**TASK TO COMPLETE:**
Return all of the data that follows precisely, leaving every image out.

**DATASET SECTION:**
+---+

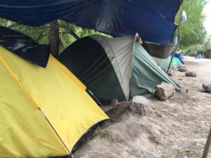 El espacio de la zona federal ha sido insuficiente para poner más casas de campaña en el campamento, han tenido que recurrir al bordo del Río Bravo al piso de tierra para instalar un espacio donde vivir, donde tener sus cosas.
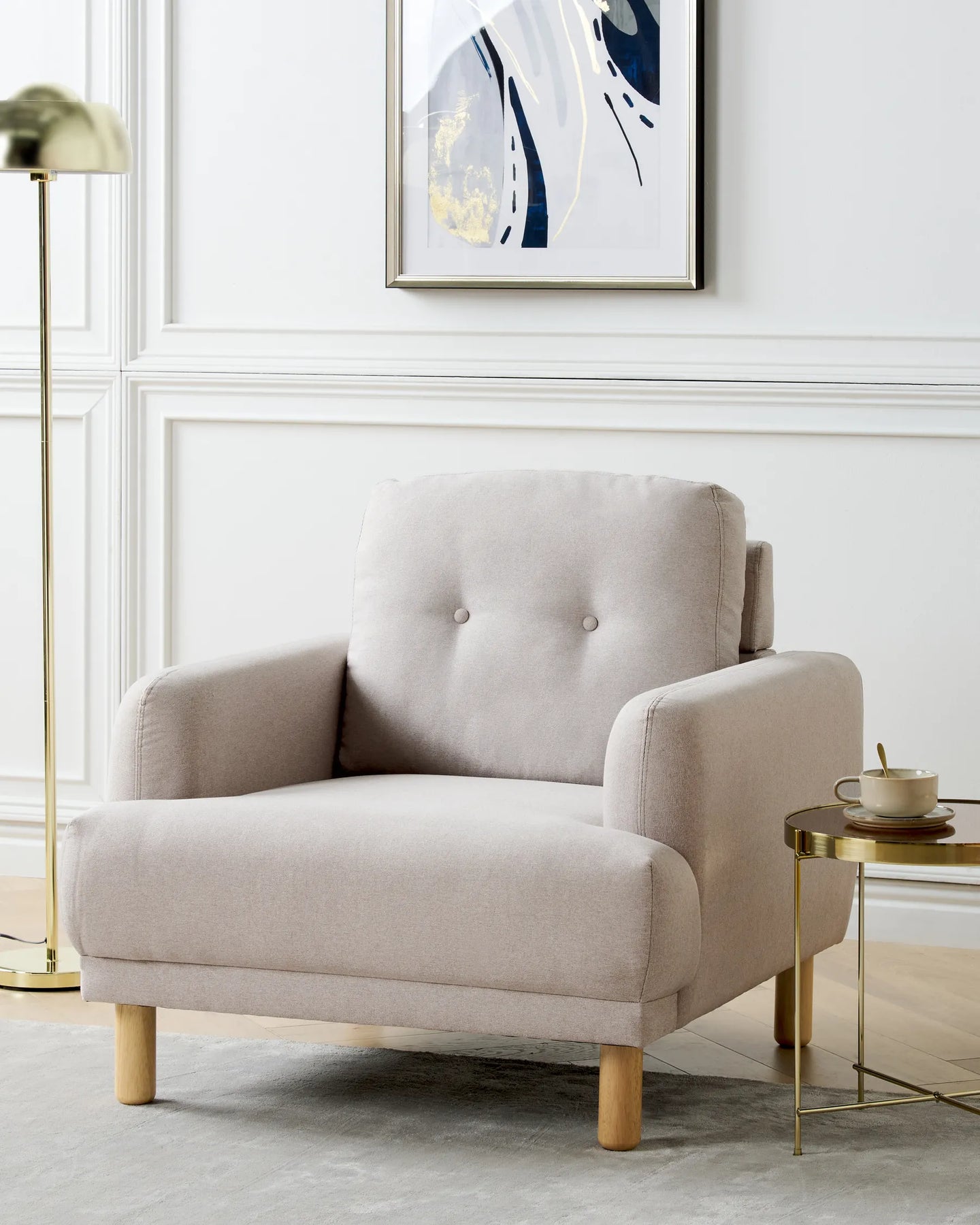 This upholstered armchair is going to be a focal point of your living space. Crafted out of durable, high quality polyester fabric, in timeless taupe beige colour, the piece will draw attention with its clean-lined design, thickly padded seat and buttoned backrest cushion. Additionally, the whole construction is placed on a set of wooden legs, which will highlight the retro design of the piece and guarantee stability.
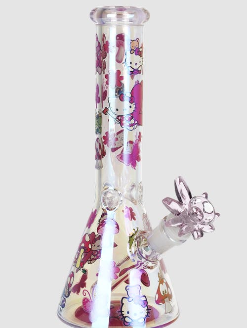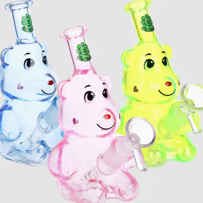 Highlights 5 inches tall Novelty water pipe Happy cartoon bear shape Fixed downstem Borosilicate glass Includes 14mm male herb slide w/ handle Colors vary The SeshGear Happy Bears Glass Water Pipe measures 5 inches (12.7cm) tall and is made of quality borosilicate glass. The pipe has a fixed downstem and crafted in the shape of a cartoon bear with large eyes and a friendly smile. Includes a 14mm male funnel style herb slide with a rod handle. Colors vary.

+---+

**ANSWER AREA:**
 El espacio de la zona federal ha sido insuficiente para poner más casas de campaña en el campamento, han tenido que recurrir al bordo del Río Bravo al piso de tierra para instalar un espacio donde vivir, donde tener sus cosas.
 This upholstered armchair is going to be a focal point of your living space. Crafted out of durable, high quality polyester fabric, in timeless taupe beige colour, the piece will draw attention with its clean-lined design, thickly padded seat and buttoned backrest cushion. Additionally, the whole construction is placed on a set of wooden legs, which will highlight the retro design of the piece and guarantee stability.
 Highlights 5 inches tall Novelty water pipe Happy cartoon bear shape Fixed downstem Borosilicate glass Includes 14mm male herb slide w/ handle Colors vary The SeshGear Happy Bears Glass Water Pipe measures 5 inches (12.7cm) tall and is made of quality borosilicate glass. The pipe has a fixed downstem and crafted in the shape of a cartoon bear with large eyes and a friendly smile. Includes a 14mm male funnel style herb slide with a rod handle. Colors vary.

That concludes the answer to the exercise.